● Given data
- - -

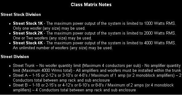 Street B - количество сабвуферов 1-8*(1-18 или 2-15 или 4-12-х или 6-10-х или 8-8),расположение в пределах багажника, 2 АКБ объемом до 800 кубических дюймов каждая, количество и емкость конденсатора 2F,максимальное количество усилителей 2 (4 мостом),максимальное количество проводников 4 всего.
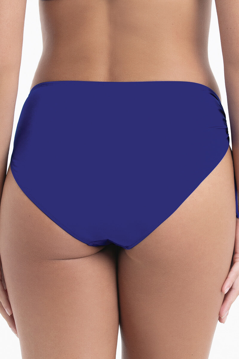 De Rosa Faia Shiny Basics Rijgslip Anny Blue Violet is uitgevoerd in effen kobalt blauw. Het bikinibroekje heeft een hoge taille en plooitjes aan de zijkanten, die met smalle bandjes verstelbaar zijn voor een fijne pasvorm. De slip is volledig gevoerd en biedt comfortabele, medium bedekking.
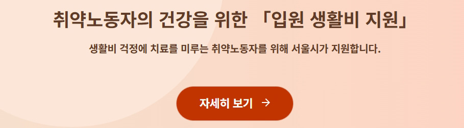 서울형 입원 생활비 지원은 경제적 부담으로 치료를 미루거나 건강검진을 받지 못하는 노동 취약계층을 위해 서울시가 제공하는 지원 제도입니다. 일정 조건을 충족하면 입원 기간 동안 하루 약 9만 원의 생활비를 지원받을 수 있어 큰 도움이 됩니다.
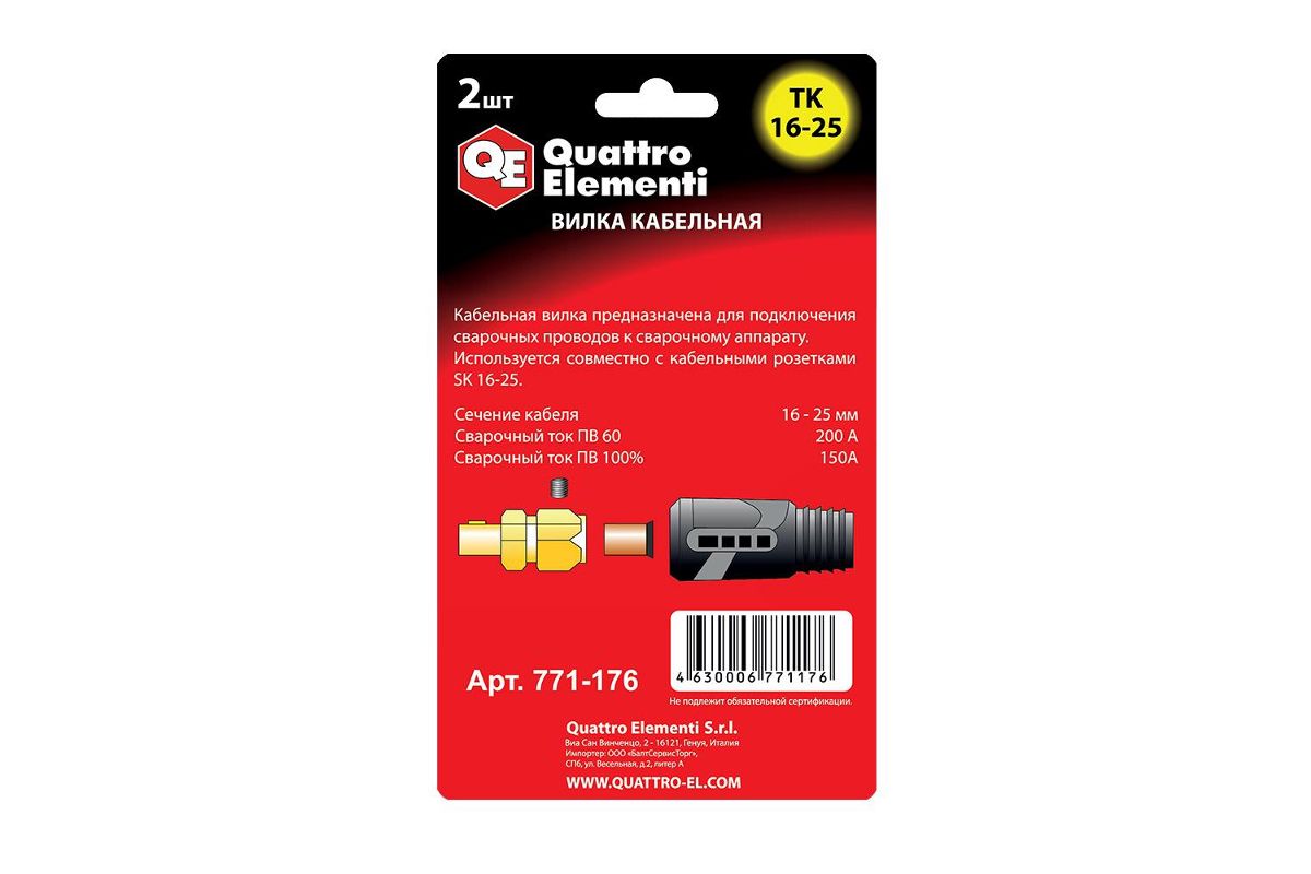 Кабельный разъем QUATTRO ELEMENTI вилка сварочного кабеля ТК 16-25 ( до 200 А/45В) 2 шт в блистере

- - -

Your copy should hold each line above exactly and no pictures at all.

● Completed exercise
 Street B - количество сабвуферов 1-8*(1-18 или 2-15 или 4-12-х или 6-10-х или 8-8),расположение в пределах багажника, 2 АКБ объемом до 800 кубических дюймов каждая, количество и емкость конденсатора 2F,максимальное количество усилителей 2 (4 мостом),максимальное количество проводников 4 всего.
 De Rosa Faia Shiny Basics Rijgslip Anny Blue Violet is uitgevoerd in effen kobalt blauw. Het bikinibroekje heeft een hoge taille en plooitjes aan de zijkanten, die met smalle bandjes verstelbaar zijn voor een fijne pasvorm. De slip is volledig gevoerd en biedt comfortabele, medium bedekking.
 서울형 입원 생활비 지원은 경제적 부담으로 치료를 미루거나 건강검진을 받지 못하는 노동 취약계층을 위해 서울시가 제공하는 지원 제도입니다. 일정 조건을 충족하면 입원 기간 동안 하루 약 9만 원의 생활비를 지원받을 수 있어 큰 도움이 됩니다.
 Кабельный разъем QUATTRO ELEMENTI вилка сварочного кабеля ТК 16-25 ( до 200 А/45В) 2 шт в блистере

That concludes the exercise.